→ DIRECTIONS:
From first line to last, copy the listing exactly and omit its pictures.

→ INFORMATION PROVIDED:
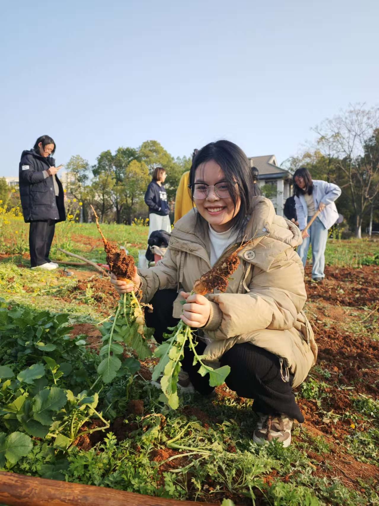 农耕实践活动的过程中,同学们真切体会到了农事劳作的细致与严谨。耕地翻土作为种植的第一环节,直接影响着作物的生长状况:翻土充分、土壤疏松,萝卜便能茁壮成长;翻土不到位,萝卜的长势便会受到影响。从萝卜的生长差异,让大家在实践中悟到了“一分耕耘,一分收获”的朴素道理。
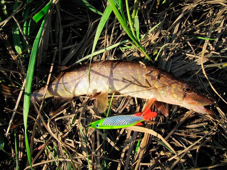 Фото. Щука поймана на блесну-колебалку AQUA Тобик
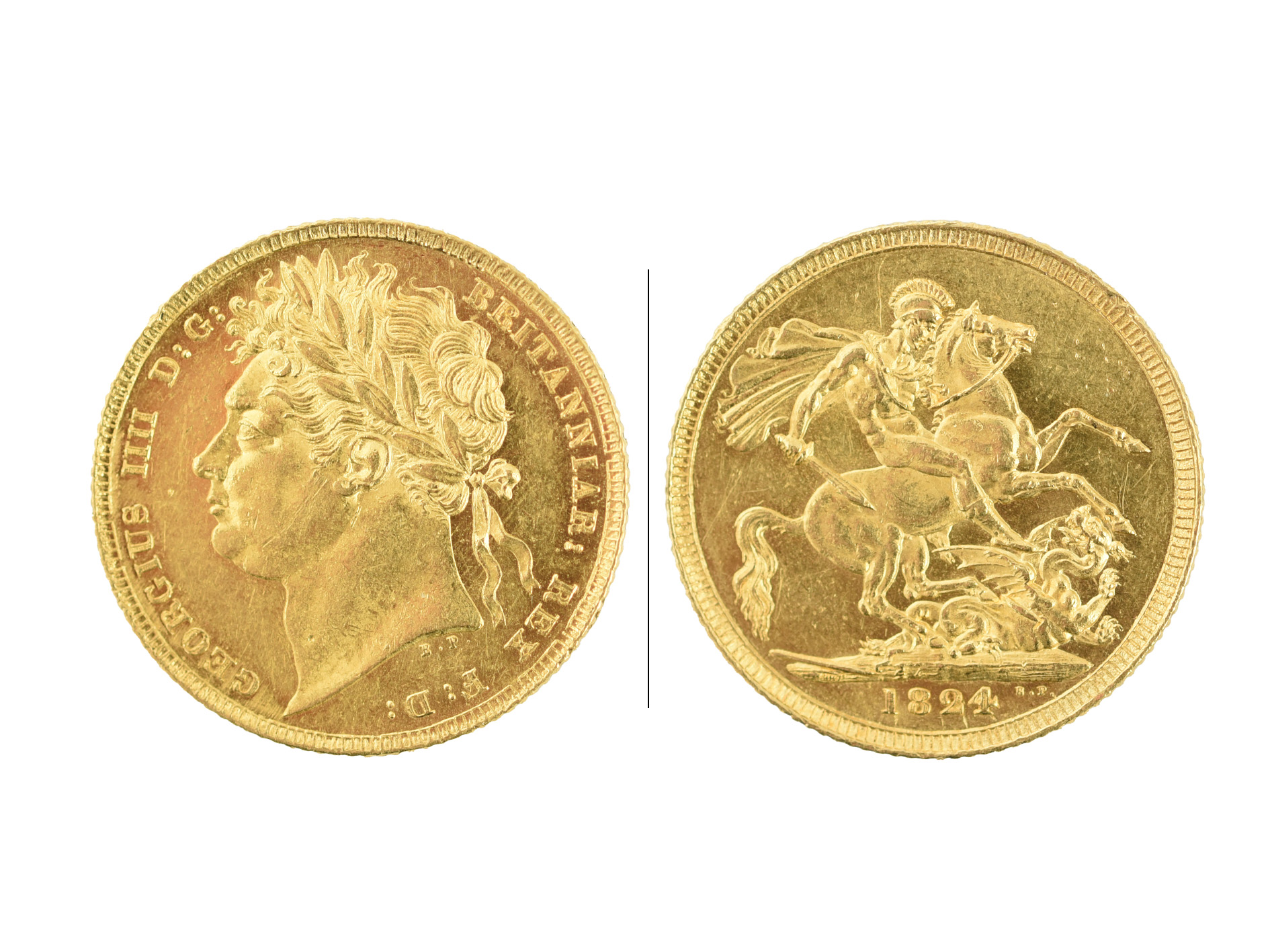 George III, gold sovereign, 1824, laureate head, rev. St George (S 3800), some surface marks but nearly extremely fine.

→ ANSWER TO THE EXERCISE:
 农耕实践活动的过程中,同学们真切体会到了农事劳作的细致与严谨。耕地翻土作为种植的第一环节,直接影响着作物的生长状况:翻土充分、土壤疏松,萝卜便能茁壮成长;翻土不到位,萝卜的长势便会受到影响。从萝卜的生长差异,让大家在实践中悟到了“一分耕耘,一分收获”的朴素道理。
 Фото. Щука поймана на блесну-колебалку AQUA Тобик
 George III, gold sovereign, 1824, laureate head, rev. St George (S 3800), some surface marks but nearly extremely fine.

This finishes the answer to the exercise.